Desserts

Desserts

By
Pam Talimanidis
Contains
15 recipes
Published by
Hardie Grant Books
ISBN
9781742704869
Photographer
Mark Roper

Although we often think of Greek desserts as being sweet, syrupy things such as baklava, ravani and patzavoura, these sweets are generally not eaten after a meal. Instead they are eaten in the late afternoon when friends drop in, or when we go out for a volta – an evening stroll with friends to a coffee shop.

In Greece, the evening meal is eaten late – sometimes as late as midnight – and is generally finished with a plate of seasonal fresh fruit. In summer, this will probably be a slice of peponi (a green melon similar to honeydew) or a thick slice of watermelon, straight from the fridge, or perhaps a bowl of plump, black cherries. Autumn brings some of my favourite fruits, figs and grapes, and even in winter there are apples and pears.

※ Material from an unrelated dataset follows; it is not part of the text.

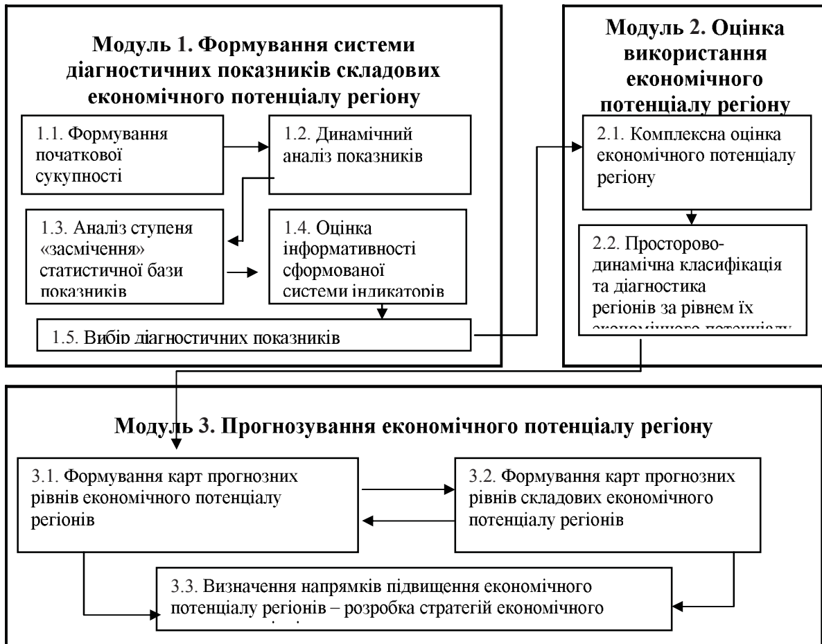
Рис. 1. Схема взаємозв'язку модулів методики оцінки і прогнозування економічного потенціалу регіону зумовлює доцільність застосування методів багатовимірного статистичного аналізу для відбору найбільш значущих індикаторів.

Цей модуль спрямований на вирішення наступних завдань:

Back in Australia at A La Grecque, I love incorporating fruit into our desserts. In the summer, some of the most popular desserts are slow-roasted stone fruits, such as nectarines, peaches or plums. The slow cooking evaporates some of the juices and intensifies the flavour beautifully. We serve them simply, with yoghurt, cream and brown sugar.

Many fruits make wonderful tarts and are especially good when served with custard. One of my favourite combinations is fig, prune and mascarpone. This tart is very elegant, the custard stays soft and melting and the fruit steeped in port has a wonderful flavour. Another simple yet effective way of transforming fresh or poached fruit into a special dessert is to serve it with custard, mascarpone or ice cream and a sweet, buttery sablé biscuit.

Grapes can be wonderful cooked into a tarte tatin, especially when combined with ripe figs. And nothing can beat them when served fresh with a slice of creamy feta cheese. When figs are abundant I like to poach them in amaretto syrup to serve with almond cake. They are also a taste sensation eaten straight from the tree. As soon as they begin to droop, soft and heavy on the branches, they should be picked and eaten immediately. Once the skin is peeled back the flesh inside is like jam – purple, moist and sweet.

One of my favourite autumn fruits is the quince. At home in Lorne, when the nights start to get cold, we light our wood-burning stove and put a dish of quinces in the oven to bake with some honey and butter. They can be eaten warm with lots of custard and pure cream, baked into a tart or even added to a casserole of braised pork.

Almonds, walnuts, lemon and semolina feature in many Greek desserts. The nuts add texture and a delicious toasted flavour to many cakes or sweets that are made with semolina and soaked in lemony syrup. Halva semolina was Yiayia’s speciality and was greatly loved by the children.

Another of Yiayia’s favourite recipes was pashka. I believe that she was given the recipe by her koumbara (maid-of-honour), who brought it to Greece when she migrated there from Russia many decades ago. Pashka is the perfect celebration dessert. It is a delicious ricotta custard, flavoured with fruit, nuts and rosewater, and it can be dressed up with violets and served in a stemmed glass for a special occasion.

At A La Grecque, we make all of our own ice creams. There are endless possibilities when one has a good ice cream machine. Most fruits make wonderful sorbets and ice creams, while chocolate is a perennial favourite. I like to add a little brandy to my chocolate ice cream, which makes it smooth, creamy and rich. It is delicious served just on its own, but can be teamed with fruit, nuts, biscuits or a tart to make a stunning dessert.